Tuesday, March 31, 2009
Fertilization Report
Dear God,
Please watch over the 5 babies we have right now. Please help them to continue to grow into viable embryos. Please watch over Bob and I in the next few days as we prepare to transfer some of our babies back inside me. Please bless us and help us to be the parents we so desperately want to be!
Love,
Alicia & Bob
Monday, March 30, 2009
Egg Retrieval
Saturday, March 28, 2009
Fourth (and Final) Stim Check
E2 - 2954
Right - 20, 19, 19, 13, 13, 13, 11, 10, 9, 7
Left - 23, 22, 19, 19, 18, 17, 15, 15, 15, 14
As of right now I get to stop all of my previous injections! I am so excited, I am ready to go! So tonight at exactly 9:00 p.m. I will do my HCG trigger, this is the shot that releases the eggs.
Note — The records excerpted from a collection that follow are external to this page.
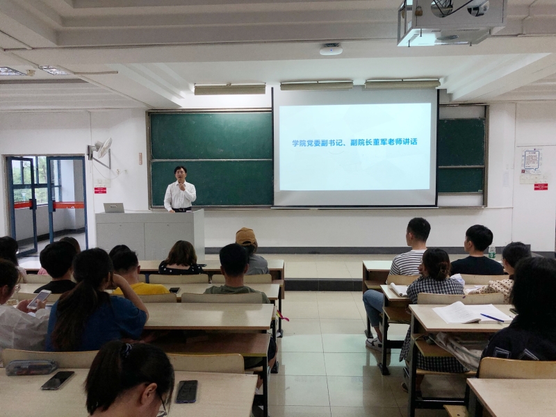 最后,学院分管研究生管理工作的副书记、副院长董军讲话。董书记肯定了2018级学生三年来取得的各项成绩,勉励大家要勤于钻研,甘于吃苦,认真备考。要抓住大三暑假考研的黄金时期,强化巩固所学内容,整理搭建知识框架,调整好复习心态,劳逸结合。
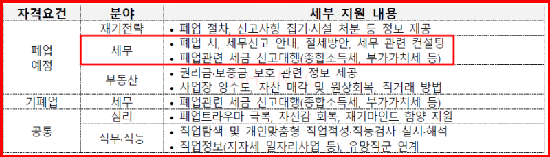2. 사업 정리 컨설팅: 무료 세무 대행
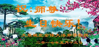 【明慧网二零一七年五月八日】 山西省太原大法弟子恭祝慈悲伟大的师尊生日快乐!跪拜师尊!庆贺世界法轮大法日!
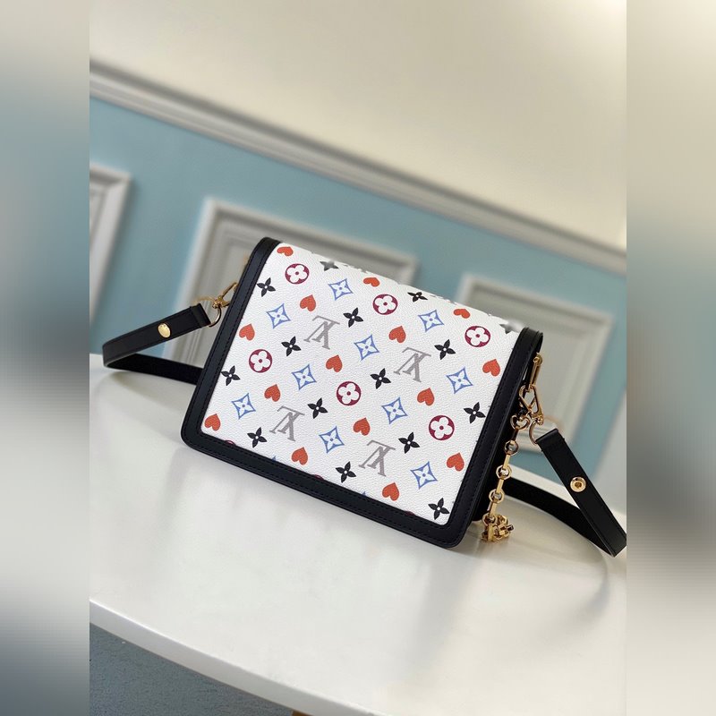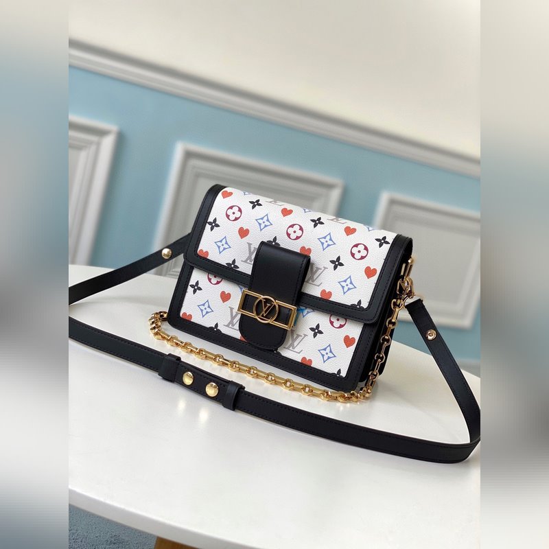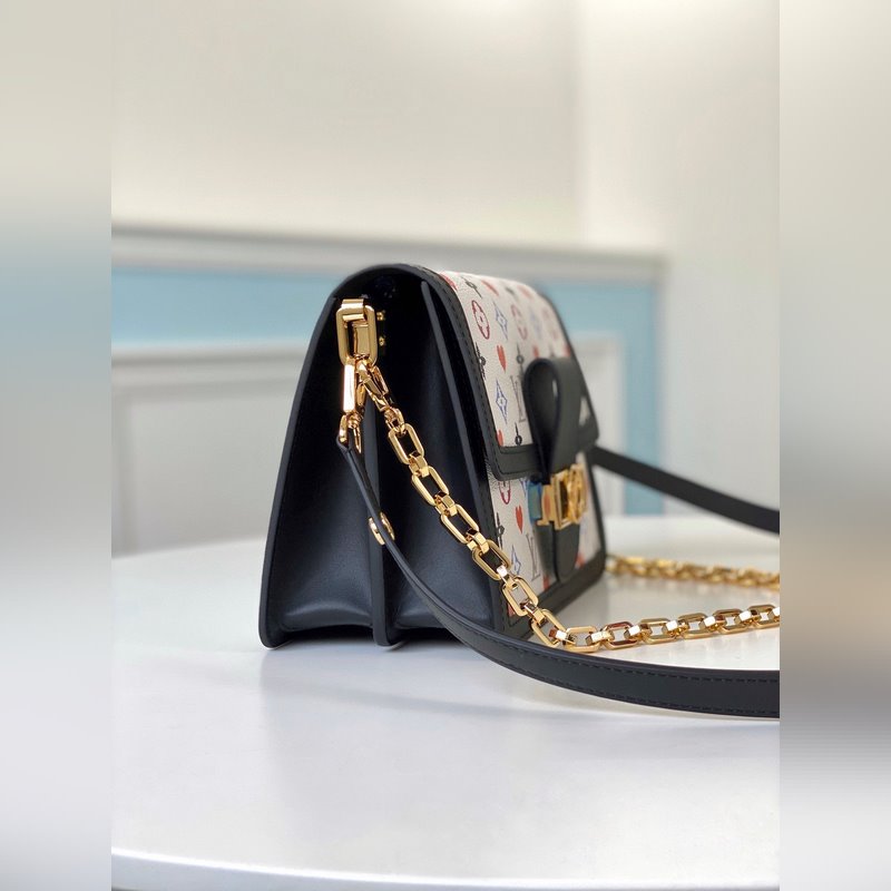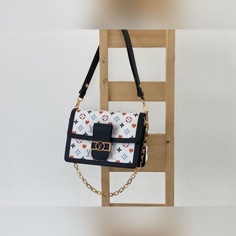 LV 다우핀 미디엄 백 모델 번호: M57463 이 모델의 도핀 미디엄 백은 2021년 초봄 컬렉션을 위해 새롭게 태어난 게임 온 모노그램 캔버스 백 바디에 가죽 트리밍이 특징입니다. 모노그램 플라워 패턴은 부분적으로 레드 하트 프린트로 대체되었으며 체인 숄더 스트랩과 상징적인 잠금 버클이 함께 제공됩니다. 크기: 25 x 17 x 10.5 cm 항목 번호: SG96181350 96189670
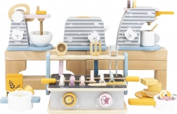 Alt, hvad der behøves til de første opskrifter: to gryder og grundlæggende redskaber (kniv, ske, spatel, tang), spydpinde og træmad som kød, æg og grøntsager. Det farverige design indbyder til leg og understøtter rollen som lille kok.

The eggs are released 36 hours from the time you take your shot, that is the reason you have to take the shot at the exact time they tell you to. Hopefully this is the last injection I ever have to do! I will also start an antibiotic tonight.
So we have to be at the office on Monday morning at 8:15 a.m. for our 9:00 a.m. retrieval! I am nervous and excited at the same time. I shouldn't feel a thing during the actual retrieval since I will be sleeping but I have no idea what I will feel like afterwards. I just know that hopefully I will come home and sleep as our babies are dividing in the lab! Then anywhere from 3-5 days after that they will put the eggs back inside me and we will hear the positive results 12-14 days after that (so right after Easter).
Dear God -
Thank you so much for watching over us as we have gone through this process. You are so good and have truly blessed us. We are so gratful that you gave us each other to lean on during all of these difficult times and we are so gratful that you have allowed my body to respond so well to these medications. Please watch over us both on Monday and in the days to come. Please help us to be the parents we so desperately need.
Alicia & Bob
Friday, March 27, 2009
Third Stim Check
E2 - 1690
Right - 17, 16, 12, 12, 11, 10, 9, 8
Left - 21, 21, 17, 17, 15, 15, 15, 14, 14, 13
They didn't change the doses of my meds this time. Also, they had me order a new med yesterday (diluted HCG) and they didn't tell me to take it so I am thinking that I just bought a $50.00 vial of meds for nothing.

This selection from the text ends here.